Records supplied:
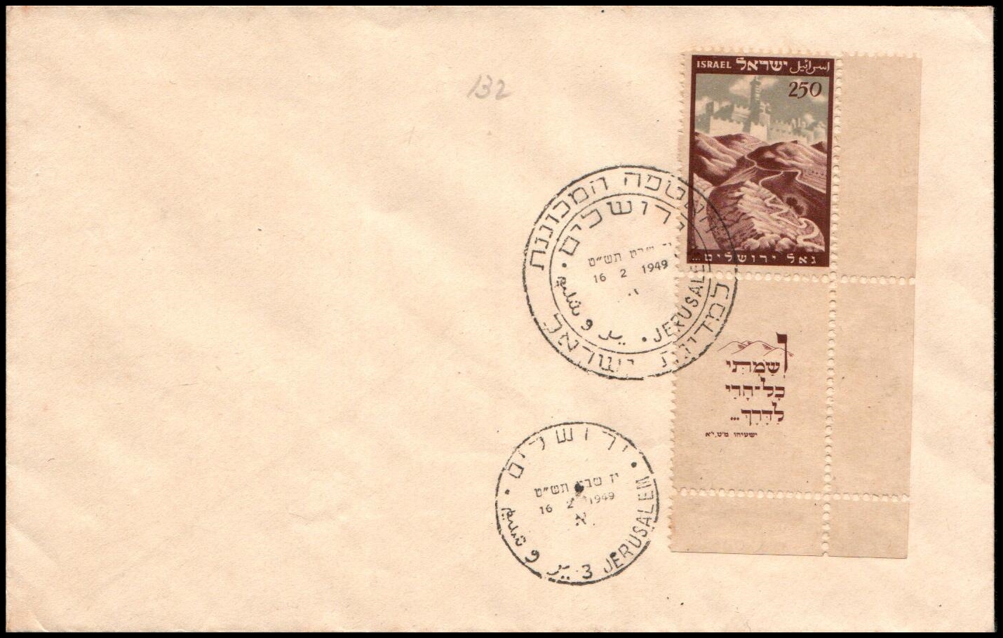 Israel Scott #24 (Bale: 15) 1949 Road to Jerusalem Private Full Tabbed FDC
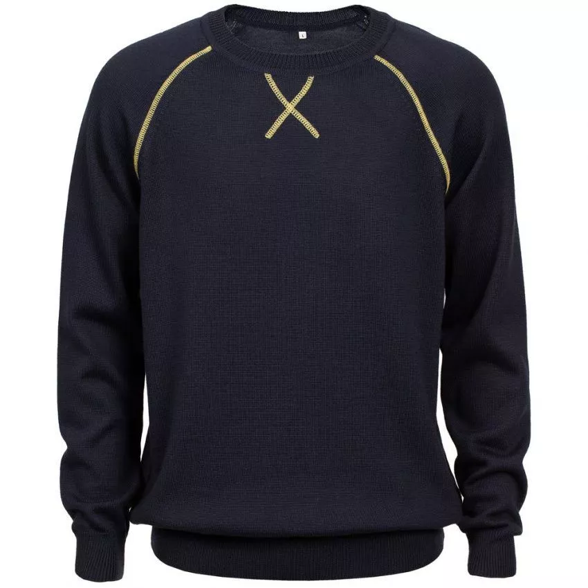 Джемпер чулочной вязки с круглым воротом и контрастной строчкой.
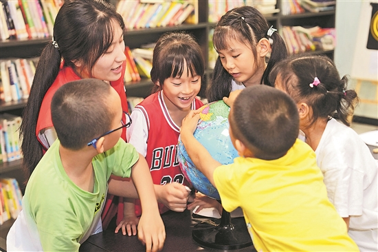7月4日,在重慶市北碚區水土街道和悅家園社區,大學生志愿者在給小朋友介紹地理知識。暑期,水土街道和悅家園社區、北碚區和愛社會工作服務中心聯合開展為期2個月的“社區帶娃驛站”公益服務活動,招募大學生志愿者為臨時輔導教師,為小朋友們提供托管照看服務,與孩子們一起開展文體游戲、手工制作等活動,豐富孩子們的暑假生活。
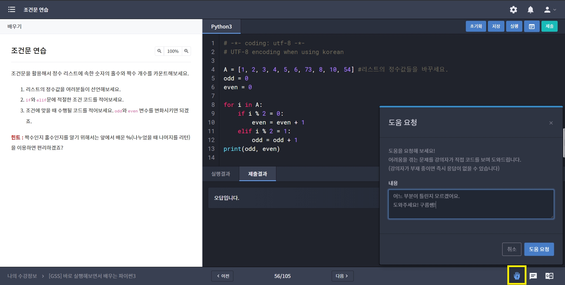수강자는 구름EDU 실습화면 오른쪽 하단에 손모양 아이콘을 클릭해 질문을 작성하고, 도움 요청을 합니다.
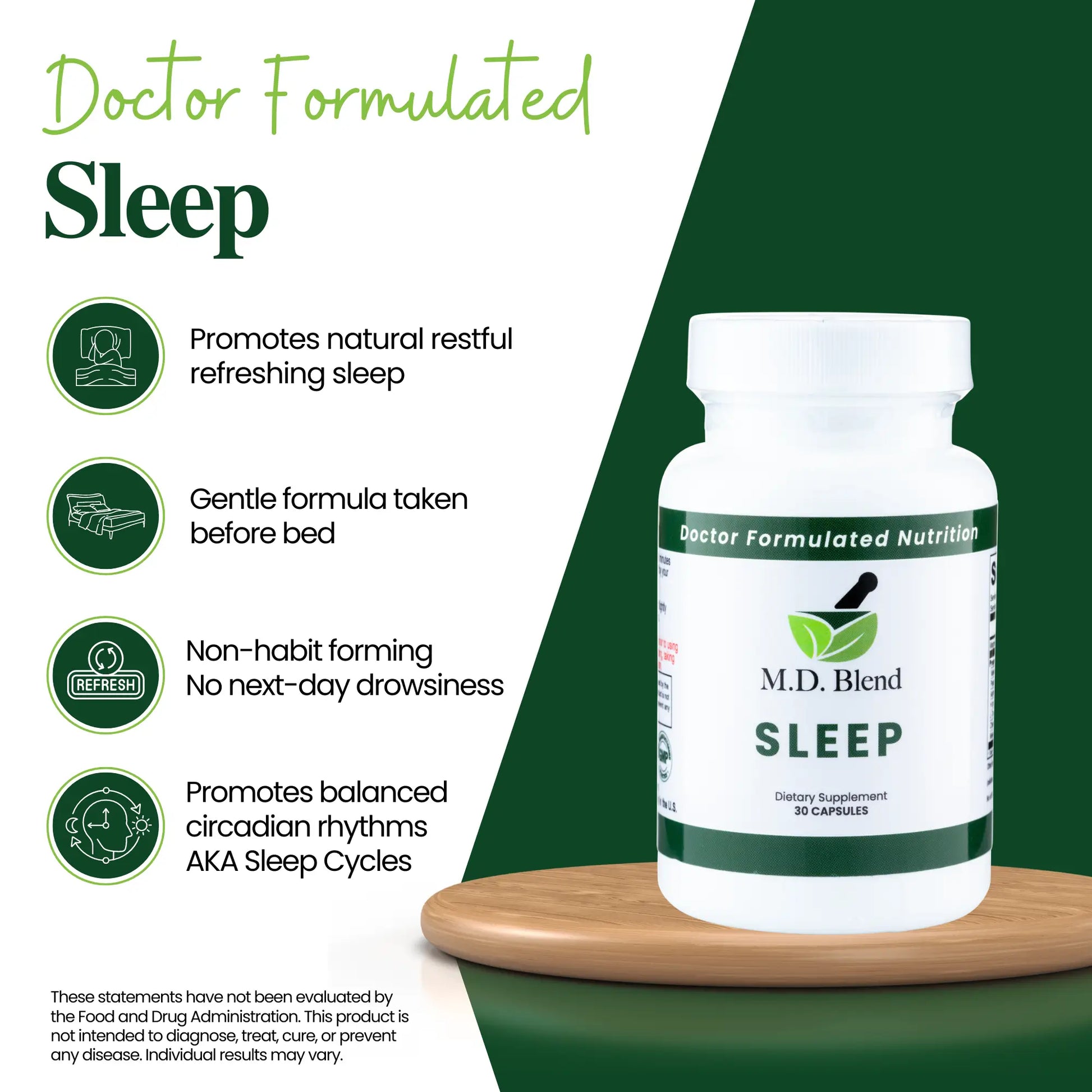 M.D. Blend’s Sleep is a carefully crafted blend of magnesium, amino acids, adaptogens, and melatonin designed to support your body’s natural sleep cycle. This calming formula helps promote relaxation, a balanced mood, and overall nighttime wellness, making it easier to unwind and feel refreshed in the morning.

Problem details:
The records above should be reproduced exactly, with the pictures omitted.

Answer space:
 Israel Scott #24 (Bale: 15) 1949 Road to Jerusalem Private Full Tabbed FDC
 Джемпер чулочной вязки с круглым воротом и контрастной строчкой.
7月4日,在重慶市北碚區水土街道和悅家園社區,大學生志愿者在給小朋友介紹地理知識。暑期,水土街道和悅家園社區、北碚區和愛社會工作服務中心聯合開展為期2個月的“社區帶娃驛站”公益服務活動,招募大學生志愿者為臨時輔導教師,為小朋友們提供托管照看服務,與孩子們一起開展文體游戲、手工制作等活動,豐富孩子們的暑假生活。
수강자는 구름EDU 실습화면 오른쪽 하단에 손모양 아이콘을 클릭해 질문을 작성하고, 도움 요청을 합니다.
 M.D. Blend’s Sleep is a carefully crafted blend of magnesium, amino acids, adaptogens, and melatonin designed to support your body’s natural sleep cycle. This calming formula helps promote relaxation, a balanced mood, and overall nighttime wellness, making it easier to unwind and feel refreshed in the morning.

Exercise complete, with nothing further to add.